2. Have a good buffer: As the old adage states, put away for a rainy day because at some point, it will rain.  While it’s important to remain positive, odds are that business won’t always be booming month after month, especially when you’re initially attempting to launch it. Inconsistent income will likely be a reality for at least a while. Especially if the nature of your business is seasonal, it’s vital to have enough to be able to weather the slow seasons. A general rule of thumb is to budget enough to cover your expenses for at least three months. If you can somehow manage to put aside more than that, even better.

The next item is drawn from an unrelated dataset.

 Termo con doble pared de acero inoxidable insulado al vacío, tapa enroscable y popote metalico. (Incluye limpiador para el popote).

Related: Steps to Creating an Effective Loss Control Program

3. Prepare for retirement: Retirement planning may be the last thing on your mind while wholly focused on attempting to get your business off the ground. However, this initial step is especially important for entrepreneurs who don’t have automatic access to the retirement savings accounts offered by most employers. You don’t have to funnel a ton of money towards a retirement fund, but whatever you’re able to put away now will not only help keep taxes low but will also grow tax-deferred until you decide to use the funds.
The retirement plan options for small businesses are diverse: a SEP-IRA, a ROTH IRA, a Solo 401(k), or a SIMPLE 401(k). All but the SEP-IRAs work for sole proprietorships, partnerships, LLCs, or corporations. Before choosing a retirement plan, do your research on what each offers and which option is best for you and plan your retirement goals.

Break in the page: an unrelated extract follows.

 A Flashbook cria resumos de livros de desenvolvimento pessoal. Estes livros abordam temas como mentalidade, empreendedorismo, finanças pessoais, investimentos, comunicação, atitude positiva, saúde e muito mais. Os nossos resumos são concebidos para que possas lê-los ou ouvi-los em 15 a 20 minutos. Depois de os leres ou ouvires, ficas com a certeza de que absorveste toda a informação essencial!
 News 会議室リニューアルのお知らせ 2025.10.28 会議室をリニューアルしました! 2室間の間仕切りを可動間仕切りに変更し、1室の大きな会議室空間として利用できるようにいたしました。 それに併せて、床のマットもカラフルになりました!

4. Set—and stick to—a budget: This advice applies to both business and personal finances. It can be hard to commit to a budget ahead of time when growing your business is your top priority. While a degree of risk-taking is inherently involved in any new business venture, there is a calculated (and budgeted) way of doing so. Constantly evaluating your projected monthly expenses and identifying expenditure patterns will help you set a realistic budget as well as revise spending habits to help your money work harder and smarter for you. You may also want to consider using an expense tracker to help you stick to your budget.

5. Automate your bills: When first starting off, you’re spending the majority of your time and focus on business development, which can make it way too easy to lose track of paying bills on time. Setting up automatic payments on any business loans or credit cards is an easy time saver when you have a full plate of financial responsibility while ensuring you constantly protect and improve your credit score. If you’d like to view your bills first, you can opt to receive alerts that allow you to review your accounts prior to paying.

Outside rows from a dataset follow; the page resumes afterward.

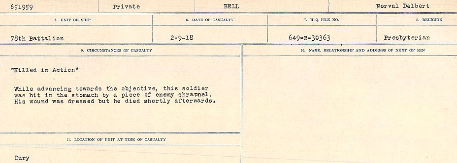Dury est un village du département du Pas-de-Calais situé à un kilomètre au nord de la route droite principale allant d'Arras à Cambrai (D939). Lorsque vous voyagez en direction de Cambrai sur la route D939, le Mémorial canadien de Dury est situé à 16 kilomètres environ d'Arras. Après le Mémorial, un panneau annonçant le cimetière se trouve à gauche, à 300 mètres, en direction de Dury. À 200 mètres de la route D939, il y a un panneau annonçant le cimetière à gauche. Le cimetière est situé dans les champs et on s'y rend en empruntant un sentier non pavé de 500 mètres.
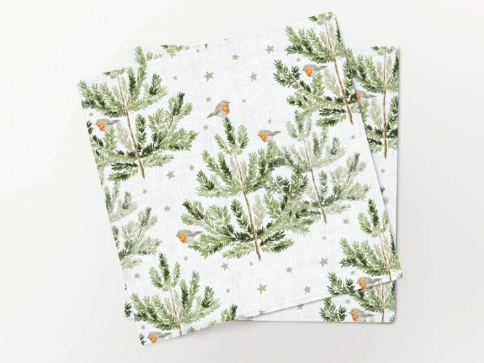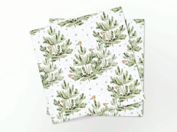 Napkins set Robin Birds On Pine Trees.
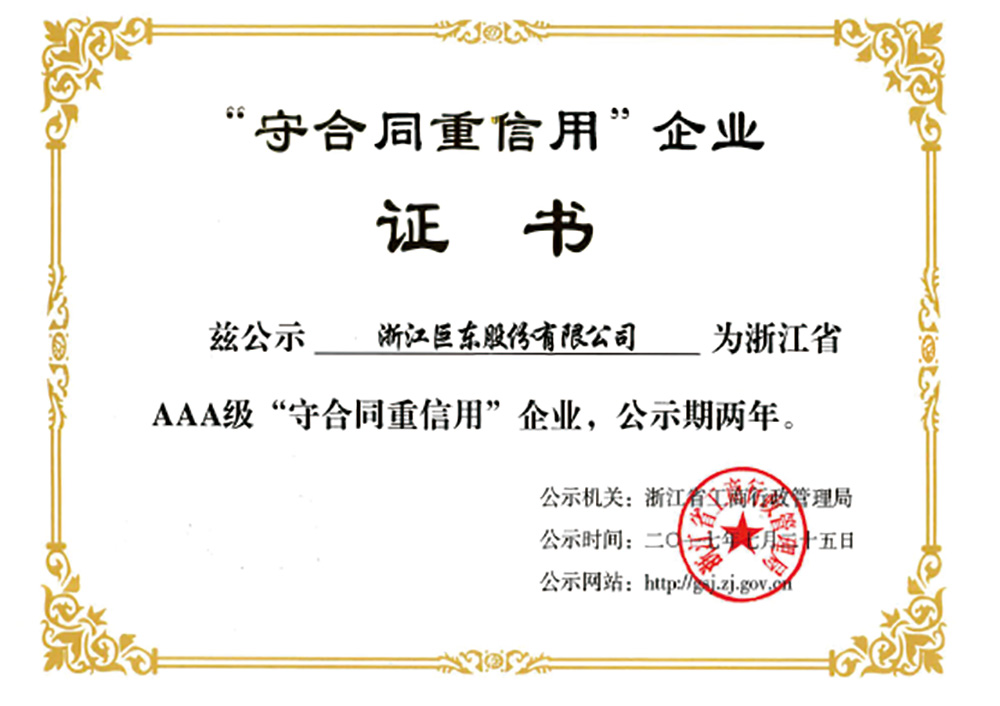 • 2017年浙江省AAA級守合同重信用企業(yè)
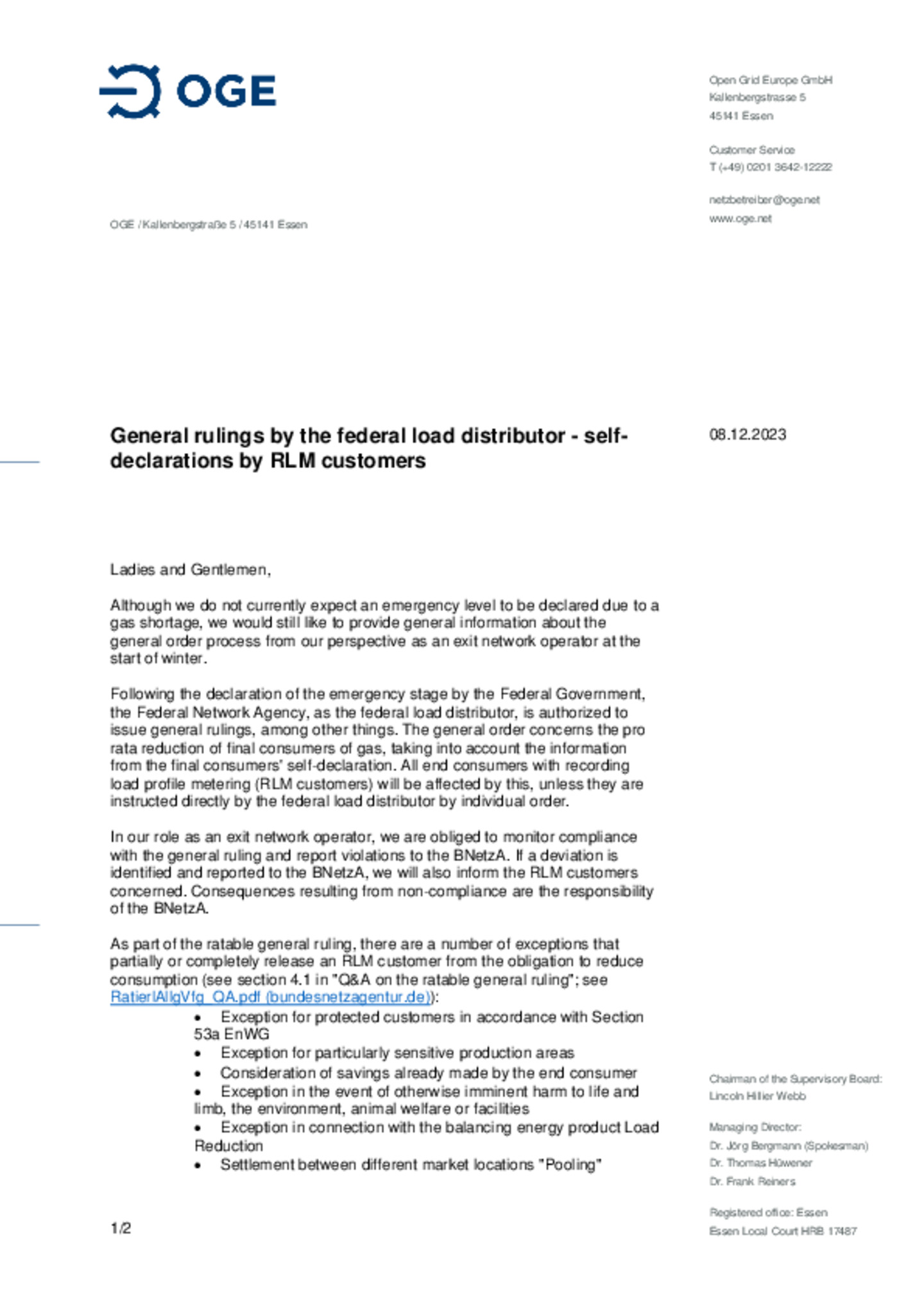 One major aspect in this context is the early provision of information on a potential risk to supply security and the establishment of communication processes between the network operators involved in the gas transportation chain, from the import points to the exit point to end users.

6. Rely on a professional: Having a professional accountant you can call when tax season rolls around will not only spare you from unnecessary stress, but will also ensure you don’t land yourself in any financial hot water.
Current small business tax laws are complex, to say the least, and are only becoming increasingly more so as the laws change. Depending on how you choose to structure your business, there are a variety of correct ways to file taxes. Attempting to ensure you’re filing properly can result in a (tough and potentially very costly) guessing game. Calling on a professional with a thorough understanding of tax systems and laws will help you determine your taxes based on your state of operation and business entity. It will also help identify opportunities for tax deductions that will help save your business significant amounts of money.